## [Stored data]
━━━━━━━━━━━━━━━━━━━━━━━━━━━━━━

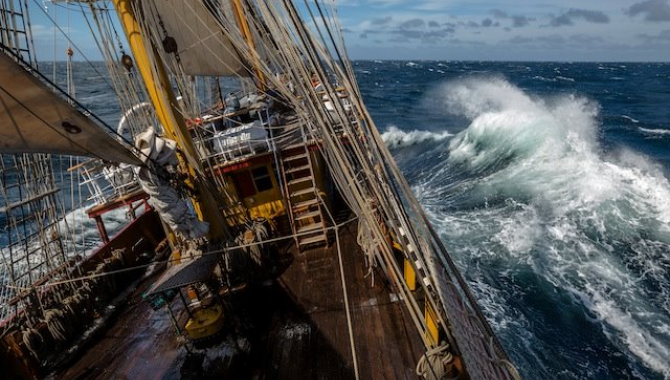 Amazing how many different soups the team comes up with, so far no repeats and some interesting discoveries like spicy peanut or French parsley soup. In the afternoon we also enjoy a cookie and tea/coffee break. Peer has been warning us of cookies running out during the trip and keeps a strict rationing regime – take more than one or two and fear his wrath… But the team is well able to resupply as evidenced by the bear and whale cookies made by the team lately. Dinner is the star of the day with a delicious main – meat or vegetarian and desert. Here the skill of the kitchen team truly comes to light, they never failed to deliver even when the waves were making Bark Europa roll like crazy. What must it be like cutting veggies and boiling water in those conditions? Cooking becomes an extreme sport of sorts for sure.
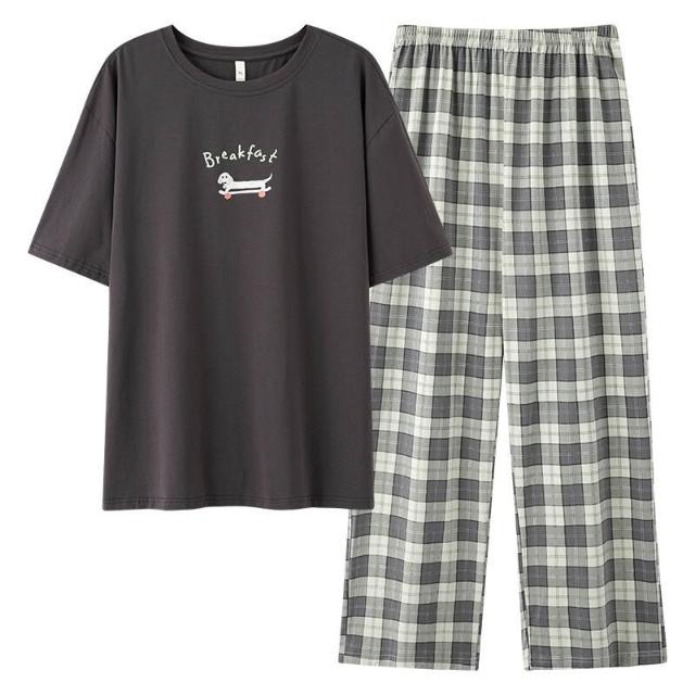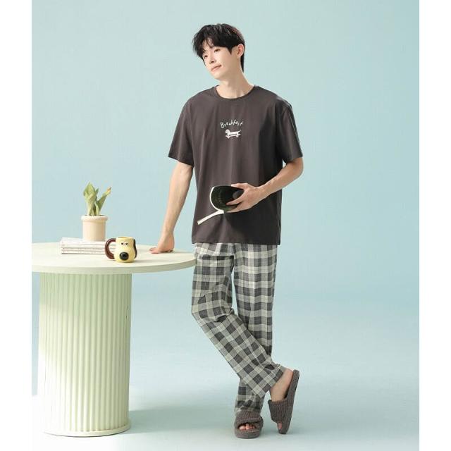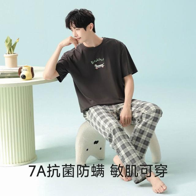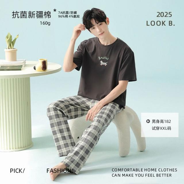 雲溪 抗菌新疆棉夏季純棉男士睡衣短袖長褲拉架棉薄款可外穿家居服
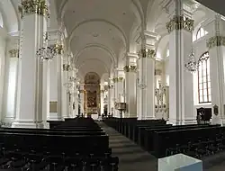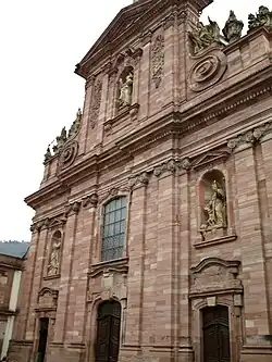 Die im Barockstil erbaute Jesuitenkirche ist eine dreischiffige Pfeilerhalle, wobei der Typ der Hallenkirche zum Zeitpunkt der Erbauung der Kirche ein vergleichsweise altmodischer Bautyp war.[4] Die Kirche ist aus heimischem Buntsandstein erbaut. Das Langhaus besteht aus fünf Jochen, der Hallenchor aus zwei Jochen. Das Eingangsjoch ist verkürzt und mit einer Empore ausgestattet. Das fünfte Joch ist länger als die übrigen und vermittelt die Illusion eines Querhauses. Die Freipfeiler mit quadratischem Kern korrespondieren mit Wandpfeilern, die ebenfalls einen quadratischen Kern haben und mit kurzen Mauerzungen an die Seitenwände angebunden sind. An den Pfeilern befinden sich kräftige Pilaster. Die Seitenschiffe sind gegen den Chor durch Wände abgeschlossen. Die Seitenschiffe sind merklich schmaler und etwas niedriger als das Langhaus. Sowohl über dem Langhaus als auch über den Seitenschiffen befinden sich Kreuzgratgewölbe.
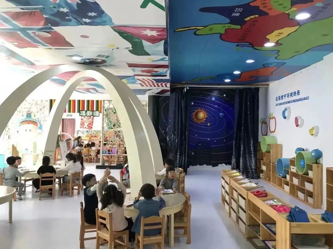 在校园内多点设置材料超市,创造性提出“空环境”,适当“留白”,让儿童在各种“空环境”中自主选择“材料超市”中的材料进行“平地造高楼”,激发儿童的创造力和想象力。同时,打造满足儿童多元需求的功能室,“未来教室”配备各类现代智能化设备,为孩子打开了探索未来世界的梦想之窗;“星际科探室”提供沉浸式星际探索体验,为孩子创设“与生命相遇、心灵相约”环境;现代化多功能厅可供开展电影节、大型主题游戏、文艺展示、培训研讨等活动,进一步丰富幼儿校园生活。
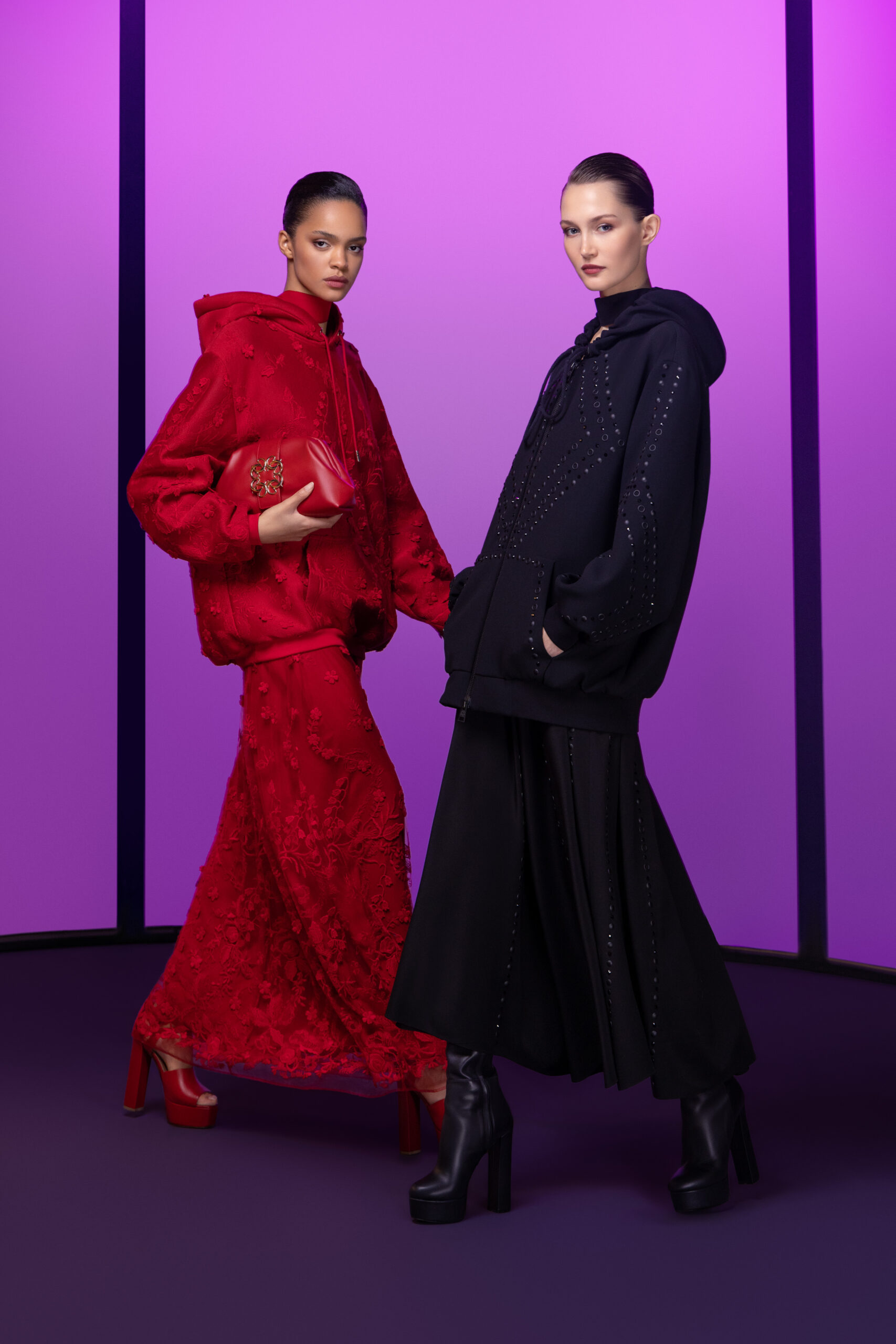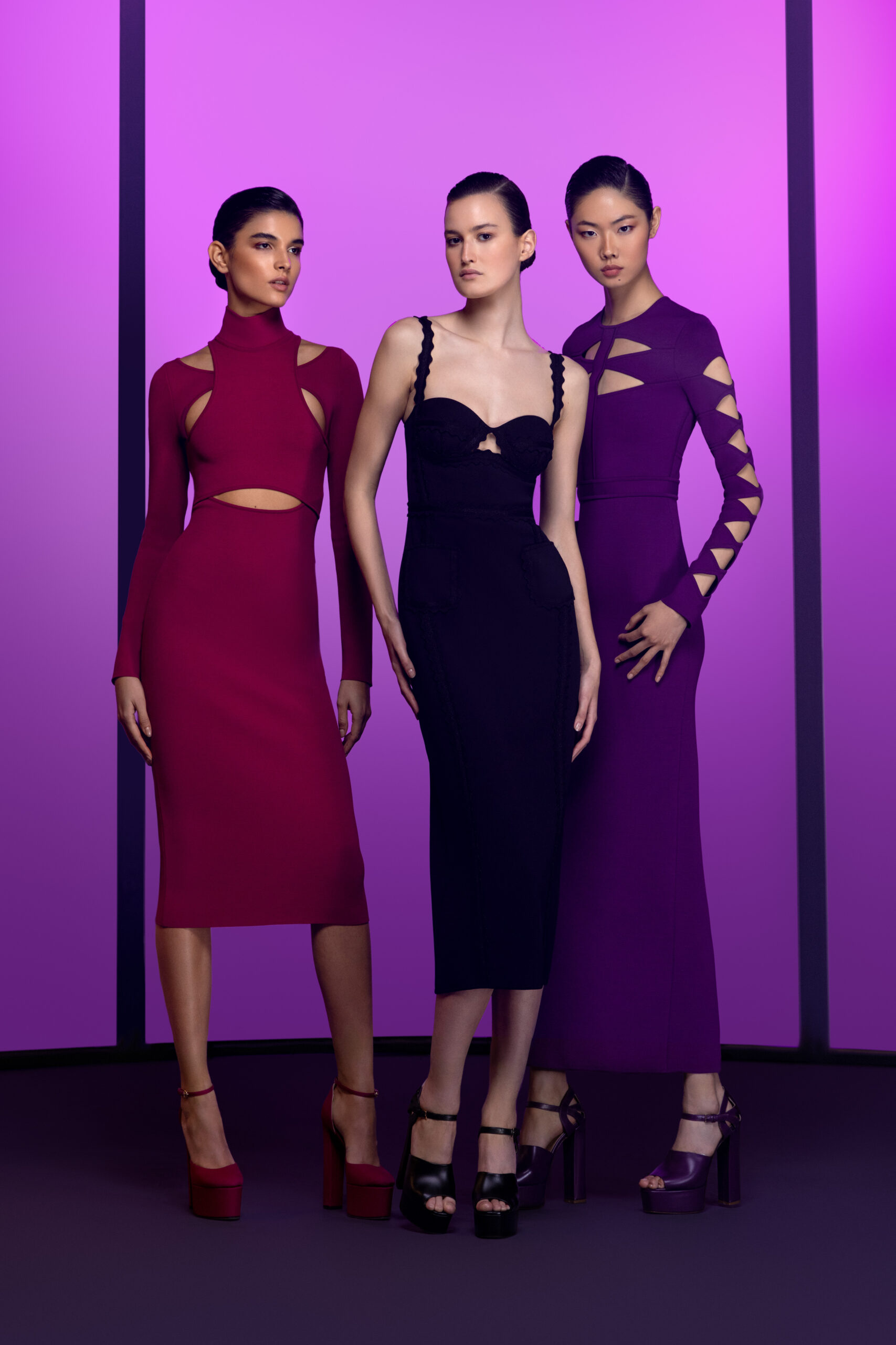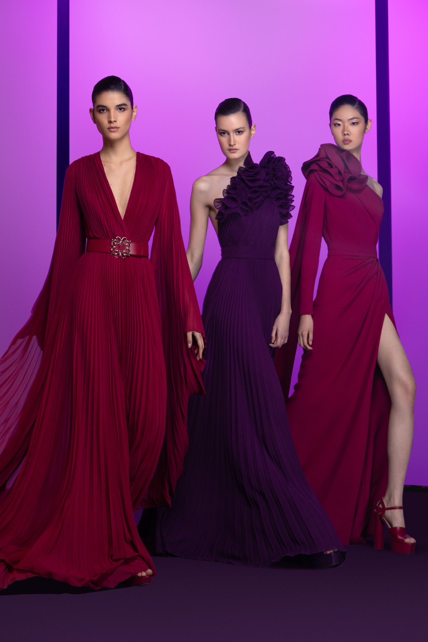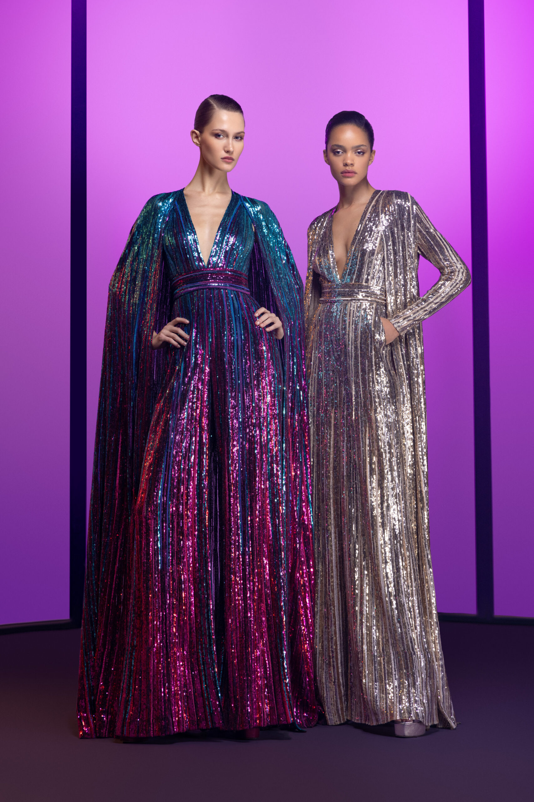 come together to create sumptuous turtleneck jumpsuits and long, symmetrical A-line mermaid dresses that shimmer and sparkle like the depths of night. ELIE SAAB’s essential crepe cady cocktail dresses and form-fitting gowns stretch into voluminous, low-cut swirls. Voluminous embellishments are balanced by striking cut-outs and the quintessential cinched waist.
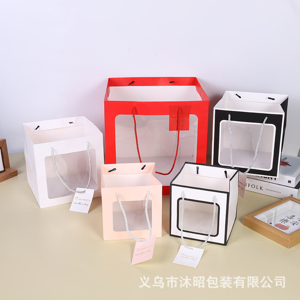 正方形紙袋透明ショーウインドー手提げ袋花人形焙煎ギフトバッグ包装お土産ケーキプレゼント
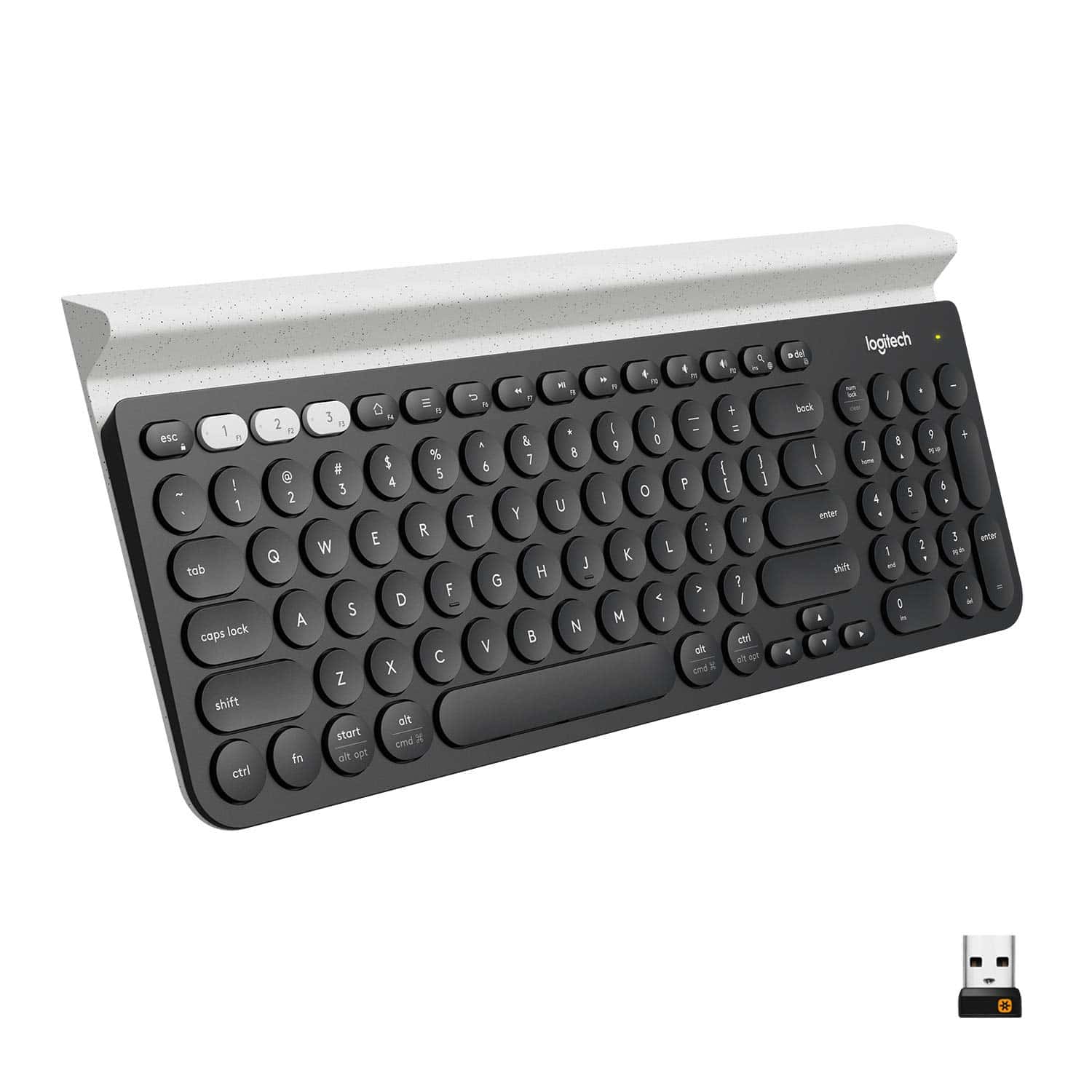 The K780 Multi-Device keyboard works with computers, tablets, and phones, letting you switch between devices with a button press. Its built-in device cradle holds your phone or tablet at a perfect viewing angle.

━━━━━━━━━━━━━━━━━━━━━━━━━━━━━━

## [Exercise requirements]
Each entry above should be restated word for word, though no picture may appear in the copy.

## [Result of this exercise]
 Amazing how many different soups the team comes up with, so far no repeats and some interesting discoveries like spicy peanut or French parsley soup. In the afternoon we also enjoy a cookie and tea/coffee break. Peer has been warning us of cookies running out during the trip and keeps a strict rationing regime – take more than one or two and fear his wrath… But the team is well able to resupply as evidenced by the bear and whale cookies made by the team lately. Dinner is the star of the day with a delicious main – meat or vegetarian and desert. Here the skill of the kitchen team truly comes to light, they never failed to deliver even when the waves were making Bark Europa roll like crazy. What must it be like cutting veggies and boiling water in those conditions? Cooking becomes an extreme sport of sorts for sure.
 雲溪 抗菌新疆棉夏季純棉男士睡衣短袖長褲拉架棉薄款可外穿家居服
 Die im Barockstil erbaute Jesuitenkirche ist eine dreischiffige Pfeilerhalle, wobei der Typ der Hallenkirche zum Zeitpunkt der Erbauung der Kirche ein vergleichsweise altmodischer Bautyp war.[4] Die Kirche ist aus heimischem Buntsandstein erbaut. Das Langhaus besteht aus fünf Jochen, der Hallenchor aus zwei Jochen. Das Eingangsjoch ist verkürzt und mit einer Empore ausgestattet. Das fünfte Joch ist länger als die übrigen und vermittelt die Illusion eines Querhauses. Die Freipfeiler mit quadratischem Kern korrespondieren mit Wandpfeilern, die ebenfalls einen quadratischen Kern haben und mit kurzen Mauerzungen an die Seitenwände angebunden sind. An den Pfeilern befinden sich kräftige Pilaster. Die Seitenschiffe sind gegen den Chor durch Wände abgeschlossen. Die Seitenschiffe sind merklich schmaler und etwas niedriger als das Langhaus. Sowohl über dem Langhaus als auch über den Seitenschiffen befinden sich Kreuzgratgewölbe.
 在校园内多点设置材料超市,创造性提出“空环境”,适当“留白”,让儿童在各种“空环境”中自主选择“材料超市”中的材料进行“平地造高楼”,激发儿童的创造力和想象力。同时,打造满足儿童多元需求的功能室,“未来教室”配备各类现代智能化设备,为孩子打开了探索未来世界的梦想之窗;“星际科探室”提供沉浸式星际探索体验,为孩子创设“与生命相遇、心灵相约”环境;现代化多功能厅可供开展电影节、大型主题游戏、文艺展示、培训研讨等活动,进一步丰富幼儿校园生活。
 come together to create sumptuous turtleneck jumpsuits and long, symmetrical A-line mermaid dresses that shimmer and sparkle like the depths of night. ELIE SAAB’s essential crepe cady cocktail dresses and form-fitting gowns stretch into voluminous, low-cut swirls. Voluminous embellishments are balanced by striking cut-outs and the quintessential cinched waist.
 正方形紙袋透明ショーウインドー手提げ袋花人形焙煎ギフトバッグ包装お土産ケーキプレゼント
 The K780 Multi-Device keyboard works with computers, tablets, and phones, letting you switch between devices with a button press. Its built-in device cradle holds your phone or tablet at a perfect viewing angle.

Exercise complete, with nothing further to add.